■ Aim of the exercise: Your answer should be the lines from the one with "Any name embroidered" to the end of the data below, both included, exact and free of pictures.

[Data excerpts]
◇ ◇ ◇ ◇
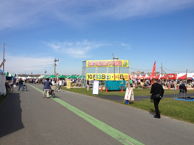 ところが千住新橋付近で"あだち区民まつり"が開催されていて、自転車は押していかなければなりません。
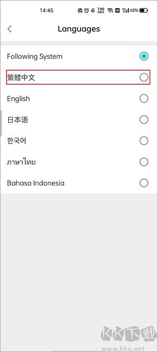 4、選擇“繁體中文”;支持繁體中文、韓語、日語、英語等多個國家的語言;
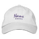 Any name embroidered in pretty dark purple lettering for your favorite woman or girl. Embellished with 5 matching flower stars. Use the templates to enter the name of your choosing to personalise or select an alternate color.
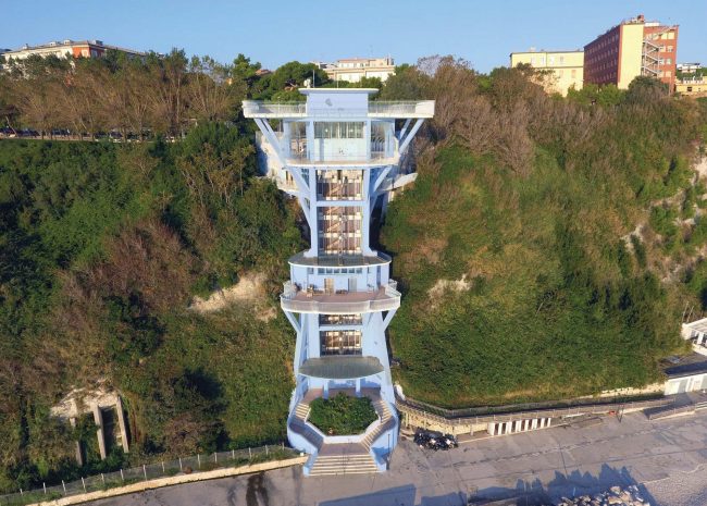 ANCONA – Allestito il cantiere per la manutenzione dell’impianto di risalita, nel progetto degli architetti Roccheggiani e Battistelli è disegnato il futuro della torre sul mare. Corsa contro il tempo per la riapertura entro l’inizio della stagione estiva
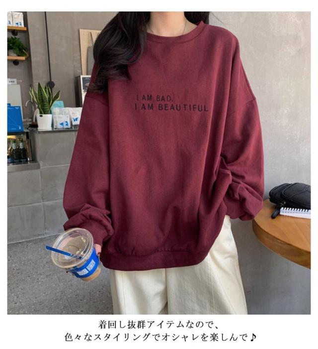 メンズライク♪クルーネックスウェット トップス スウェット クルーネック オーバーサイズ ロゴ カジュアル 大きいサイズ おしゃれ ゆったり
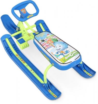 Снегокат предназначен для перевозки детей от 7 до 12 лет по плотному снегу или льду, катанию с горок. Имеет сварную конструкцию из стальных труб, пластмассовые лыжи и мягкое сиденье с рисунком. Усиленный тормоз эффективен на обледенелой поверхности. Поставляется в разобранном виде. Комплект наклеек на снегокат в подарок!
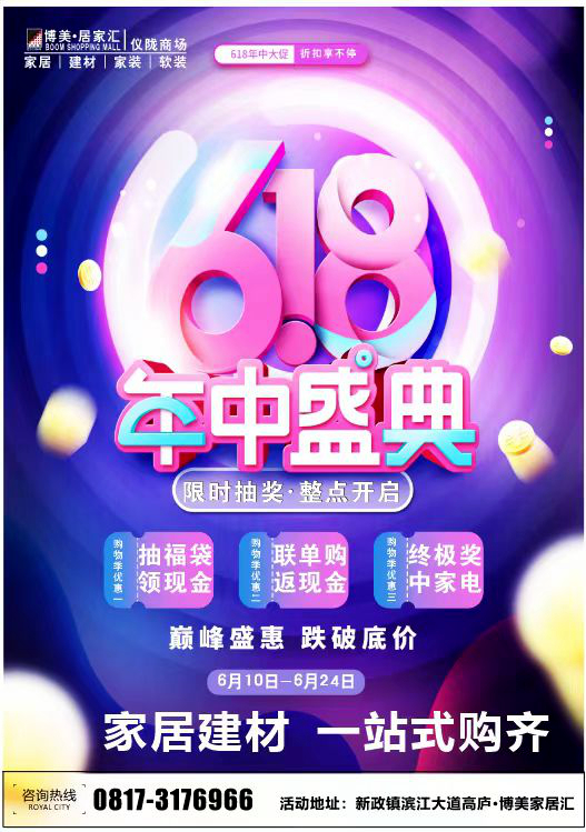 从6月10日至6月24日,“618年中盛典”活动包括下单砸金蛋、厂家联购、收官返现、618狂欢无购物抽奖、新家好运、红包有礼、终极抽大奖等,让广大消费者感受了丰富多彩,应有尽有之盛况。
◇ ◇ ◇ ◇
■ Exercise result:
 Any name embroidered in pretty dark purple lettering for your favorite woman or girl. Embellished with 5 matching flower stars. Use the templates to enter the name of your choosing to personalise or select an alternate color.
 ANCONA – Allestito il cantiere per la manutenzione dell’impianto di risalita, nel progetto degli architetti Roccheggiani e Battistelli è disegnato il futuro della torre sul mare. Corsa contro il tempo per la riapertura entro l’inizio della stagione estiva
 メンズライク♪クルーネックスウェット トップス スウェット クルーネック オーバーサイズ ロゴ カジュアル 大きいサイズ おしゃれ ゆったり
 Снегокат предназначен для перевозки детей от 7 до 12 лет по плотному снегу или льду, катанию с горок. Имеет сварную конструкцию из стальных труб, пластмассовые лыжи и мягкое сиденье с рисунком. Усиленный тормоз эффективен на обледенелой поверхности. Поставляется в разобранном виде. Комплект наклеек на снегокат в подарок!
 从6月10日至6月24日,“618年中盛典”活动包括下单砸金蛋、厂家联购、收官返现、618狂欢无购物抽奖、新家好运、红包有礼、终极抽大奖等,让广大消费者感受了丰富多彩,应有尽有之盛况。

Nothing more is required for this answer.